И Мишу охватила такая гордость за своих друзей и товарищей, что он готов был запеть прямо здесь, в кабине крана. Но проявить мальчишество да еще в присутствии члена комитета крановщицы Люды Бежевой он не решился. Пришел он Люде сказать, что едет в крайком комсомола. Пора бы давно получить ответ не только из края, но и из центра. Южный поселок заложен и строится. Строится по-прежнему в деревянном исполнении. Стандартные брусчатые дома собирают за несколько дней. Уже обозначились улицы и кварталы, предан забвению первоначальный план строительства города с многоэтажными красивыми каменными домами, площадями и скверами, дворцами и парками. Нашлись умники, которые поговаривают:

— А что?! Построим Еловск и подадимся на усть-илимскую или красноярскую стройку. Хуже не будет. В этой сырой дыре пусть проектировщики прозябают…

Вот когда вспомнились статьи и споры о неудачном выборе места. Каменный город был бы прочней и выносливей. Не одну сотню лет стоит Ленинград на бывших болотах. А город какой!

Миша звонить в Москву Крупенину не решился. Не решился звонить и Ушакову. Но в крайком комсомола позвонил. Действовал по инстанции.

Вначале ему ответили, что письмо, к сожалению, не рассмотрено, не согласовано. Просили позвонить денька через два. Он так и сделал.

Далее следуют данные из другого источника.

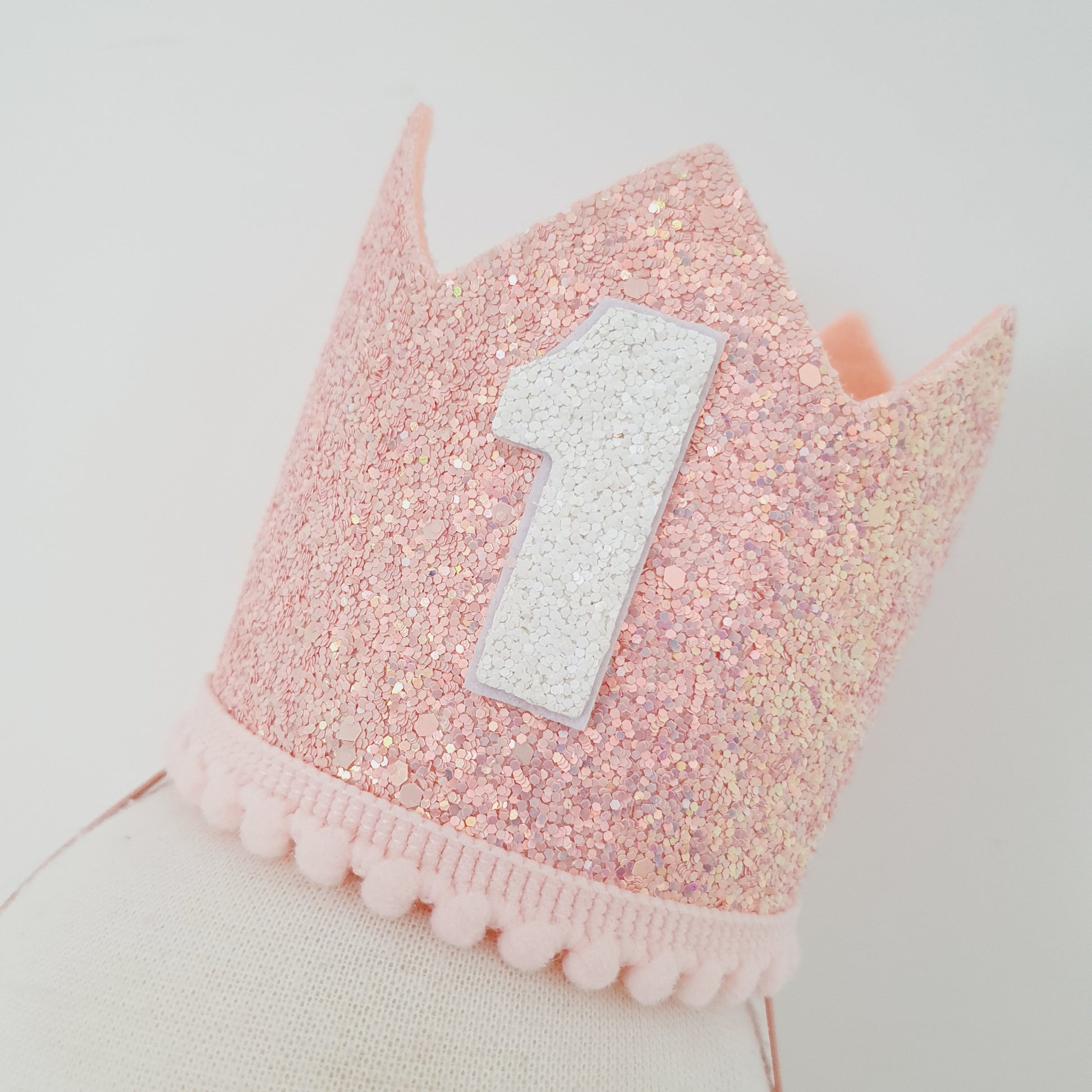 1st Birthday Crown / Party Hat / Headband - PEACHY PINK / ROSE GOLD
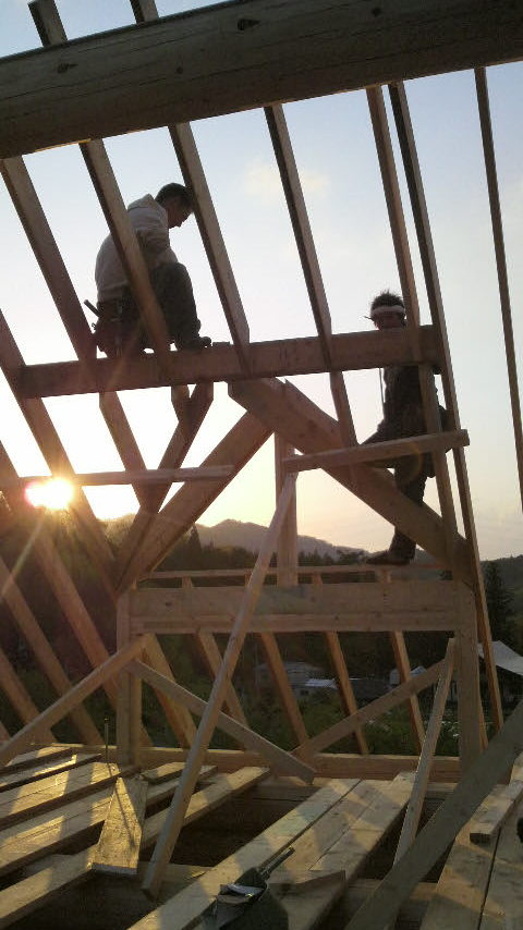 なんとか無事に棟が上がり、とりあえず一枚!さっきまでどしゃ降りだったけど、棟をのせる時にちょうど晴れて気分爽快!!

И тогда ему объяснили:

— Поставленный вами вопрос не в нашей компетенции.

— Как так?! — кричал в трубку Миша. — А кто его будет решать?!

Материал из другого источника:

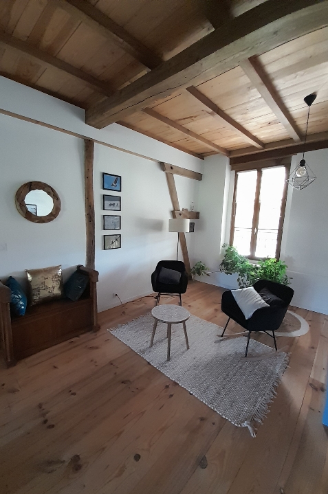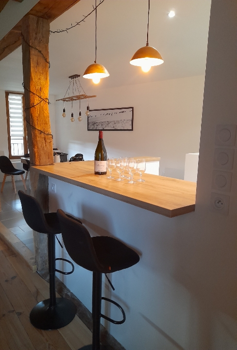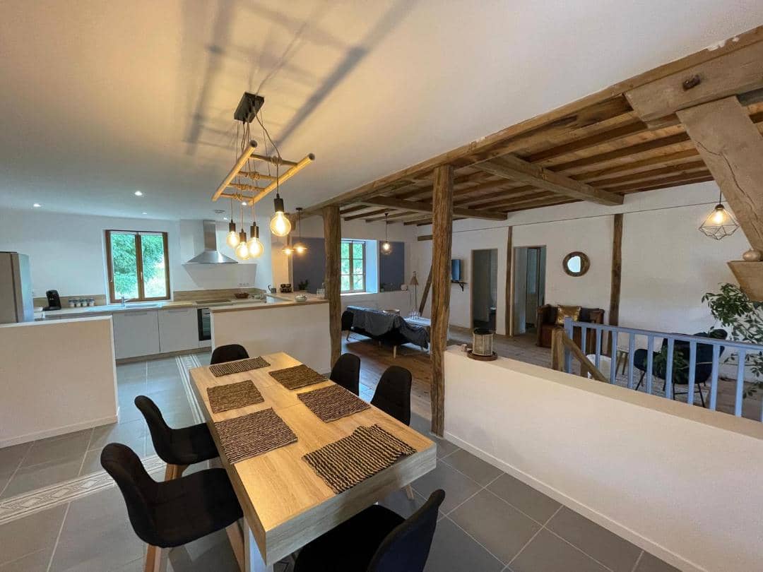 A l'étage, son magnifique espace de vie lumineux avec ses poutres apparentes crée une vraie ambiance chaleureuse de partage avec sa salle à manger, son petit salon coin lecture et sa cuisine intégrée avec son bar ouvert…
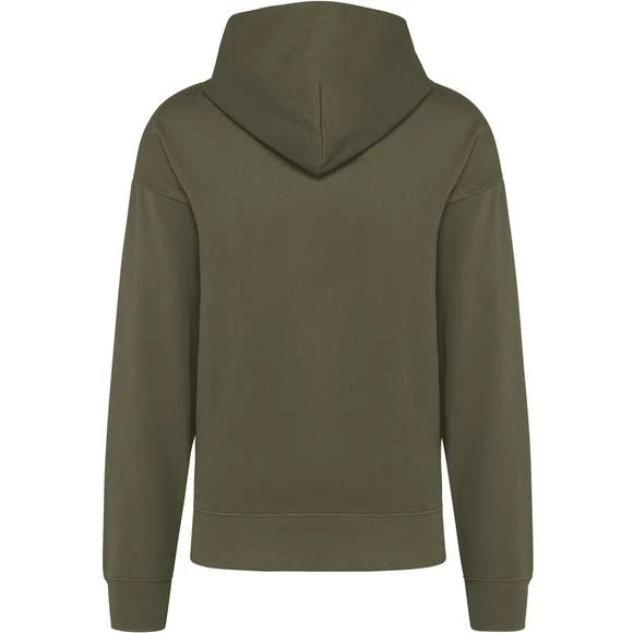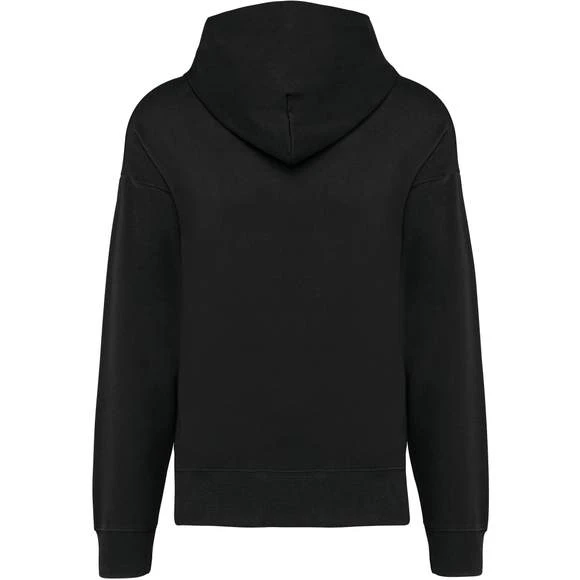 Sweatshirt à capuche molleton oversize unisexe. Coupe oversize avec épaules tombantes. Molleton gratté. Coton cardé. Bord côte 2×1 finition tubulaire pour une meilleure finition au bas de manches et de vêtement. Poche cachée avec zip invisible dans la couture côté droit au porté. Capuche avec pince doublée en coton. Présence d’élasthanne dans le bord côte bas de manche et de vêtement pour éviter que le vêtement se déforme. Bande de propreté en chevron ton sur ton. Demi-lune intérieur col. Finition double surpiqûre à cheval sur bas de manches et de vêtement. Pas d’étiquette de marque au col, uniquement une puce de taille pour faciliter la personnalisation. Composition : 80% coton, 20% polyester. Grammage : 280g/m²
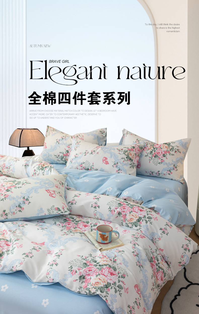 商品名称:洁柔 2025爆款13370全棉小清新印花四件套三件套 雅韵花都

Делового разговора не получилось.

— Еду! — сказал себе Миша. — Я им устрою!

Ребятам он ничего не сказал, не хотел огорчать, только просил Люду не терять его, а заседание комитета перенести на день его возвращения из Бирюсинска.

Но то, что произошло в крайкоме комсомола, окончательно ошарашило Мишу. Его прежде всего спросили:

— Как вы понимаете свои задачи?

— О каких задачах вы говорите?

— О ваших, разумеется. Не о моих же.

Миша не раз слышал много лестного о том человеке, перед которым сидел, встречался с ним на больших комсомольских активах, но с глазу на глаз разговаривать не приходилось. Теперь эта встреча настолько ошеломила Мишу, что у него стало сухо во рту. Рука сама потянулась к графину, наполнила стакан водой. Но, спохватившись, Миша поставил стакан между собой и хозяином кабинета.

— Сколько у тебя на учете комсомольцев?

Миша ответил.

— Задолженность по взносам большая?

— Нет задолженности.

— А сколько приехало и сколько уехало за последний месяц?

— Около ста человек, — ответил Миша.

— Вот чем в первую очередь надо заниматься. Воспитанием молодежи!

— Жилья не хватает! — сорвался Миша. — Не современный город в двадцатом веке строим, а захудалый поселок из бревен. Наобещали ребятам вагон…

С минуту молчали. Но вот Мишин собеседник встал из-за стола, прошелся по кабинету, остановился напротив:

— Да ты попей. Не стесняйся. Давай поговорим по душам.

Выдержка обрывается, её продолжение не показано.